Several options were available to me. First, I could have downloaded some raster data and created some vector bathymetry from that. Second, additional research showed me that I could have recreated the data from the original NOAA feature services that appear in several different locations online. Upon further investigation of that data, I found out that the field names and structure for Lake Superior was different from the other 4 lakes, so I was faced with dealing with that issue through table manipulation. None of these methods was impossible, but would have probably taken several days of my time, which I didn’t really have–the days I had allotted to this effort were to write the lesson, not to manipulate the data. In the end, after several inquiries, some of my colleagues re-published the data (bless them!), and all I had to do was point to the new URL.

An additional thought running through my head through this challenge was that I could have saved even a modicum of worry if I had downloaded the feature service and saved it into my own account in ArcGIS Online (with proper citing of the original source, of course). Then, the data would not disappear, as long as I have a copy of the data in my own, in this case, ArcGIS Online organization. But that gives rise to yet another concern–how often should we as data users consider saving our own version of a valuable data set? If a data set is not restricted from copying, it could be done, but sometimes data sets are just too large for us to make our own instance of it. Surely each data user shouldn’t have to make their own copy of high resolution satellite image or Lidar data, UAV data, every water well in North America or another large vector data set. Saving our own copy of data is how we used to think about data before the advent of data-as-services in the cloud. Do we really need to go back to those days? No, but there may be data that is so important to me that I want to be the owner of it and therefore reduce the risk of it going offline when I really need it. In the case of the data I needed, I did end up contacting the original providers of the data.
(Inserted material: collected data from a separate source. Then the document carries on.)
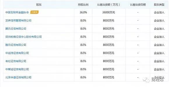 资料显示,百行征信注册地为广东省深圳市,此,其营业场所为广东省深圳市福田区深南大道1006号深圳国际创新中心。业务范围为个人征信业务,注册资本为人民币10亿元。最大股东为中国互联网金融协会,持股36%,其他8家各持股8%,股权结构:中国互联网金融协会持股36%,芝麻信用管理有限公司持股8%,腾讯征信有限公司持股8%,深圳前海征信中心股份有限公司持股8%,鹏元征信有限公司持股8%,中诚信征信有限公司持股8%,考拉征信有限公司持股8%,中智诚征信有限公司持股8%,北京华道征信有限公司持股8%。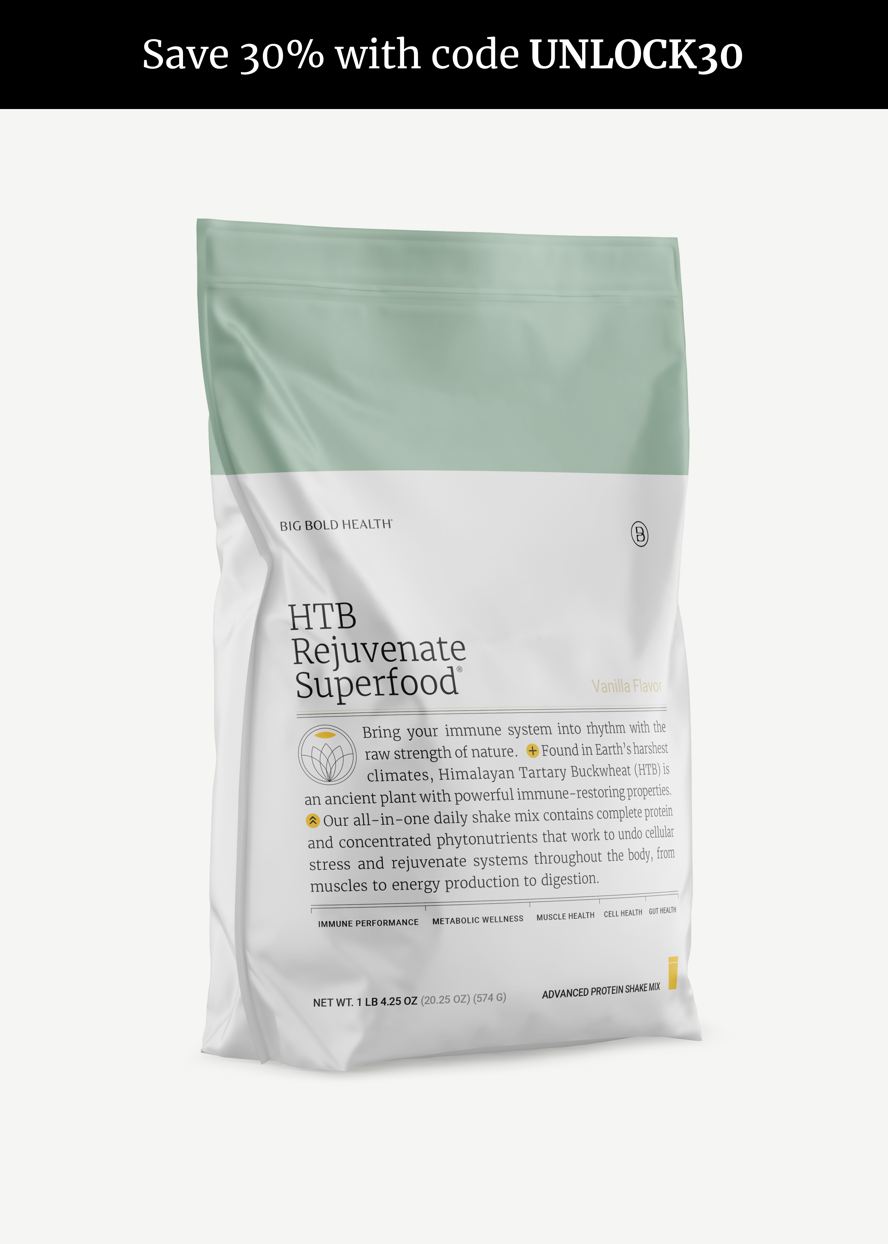 Found in Earth’s harshest climates, Himalayan Tartary Buckwheat (HTB) is an ancient plant with powerful immune-restoring properties. Our all-in-one daily Superfood contains complete proteins and concentrated phytonutrients that work to undo cellular stress and rejuvenate systems throughout the body. Now supercharged with 100% organic Himalayan Tartary Buckwheat sprout powder.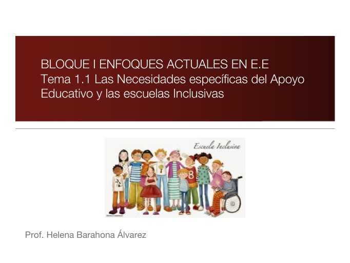 BLOQUE I ENFOQUES ACTUALES EN E.ETema 1.1 Las Necesidades específicas del Apoyo Educativo y las escuelas Inclusivas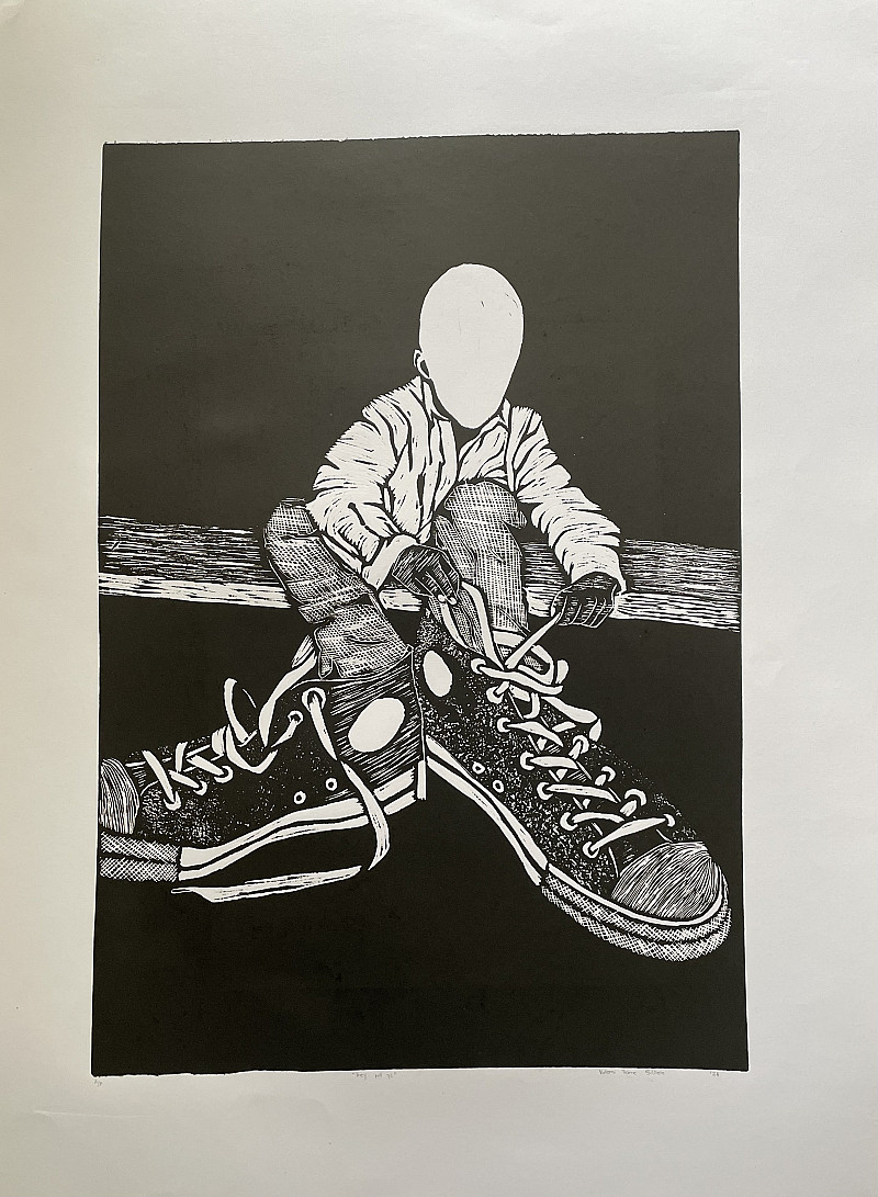 Scapes is an exploration of escape, not as running away, but as a quiet journey toward freedom, transformation, and self-discovery. Through black and white prints, a painting, and a charcoal drawing, the works trace the paths we walk, the weight we carry, and the marks left by endurance. Some feet are protected, others exposed; some bear the scars of hardship, while others reach toward what is yet to come.

They re-published the data and I was once again happy.

The above situation that happened to me might be one that you, too, will encounter someday if you haven’t already. This type of situation gives rise to several key concerns. What are your thoughts about this?

–Joseph Kerski

A section of the data set that I was using that suddenly disappeared from the web as a data service. Has this ever happened to you? What strategies did you use to deal with it?

Categories: Public Domain Data

One local government’s progress in ensuring data quality

June 12, 2023 josephkerski 3 comments

King County, in Washington State, USA, has long been a leader in the rigorous application of GIS and serving their spatial data. I remember working with them while serving as a geographer for the US Census Bureau on their TIGER file updates long before most of you reading this essay were born. Suffice it to say that they really know their data, and moreover, think about their data, a lot. As the focus of our book and this blog often lands on data quality, King County’s words of wisdom about this topic are worth reading. Spanning three parts, part 1, part 2, and part 3, these essays also offer insights to other organizations as to how their organization builds quality standards into their many departments and programs, and how those standards are adhered to, checked, and updated.

The County’s three levels of improving and ensuring data quality at the time of the above articles were written are as follows:

GIS Maintenance Prioritization and Data Review.
Validation of Spatial Data Warehouse Objects.
Quality Assessment of Metadata Completeness and Content.

How does such a large and populous county, which contains the city of Seattle and over 2 million people, prioritize which layers to update? Thinking more broadly: How does your organization decide which layers to update? And how often? Which geographic areas, or themes, or attributes?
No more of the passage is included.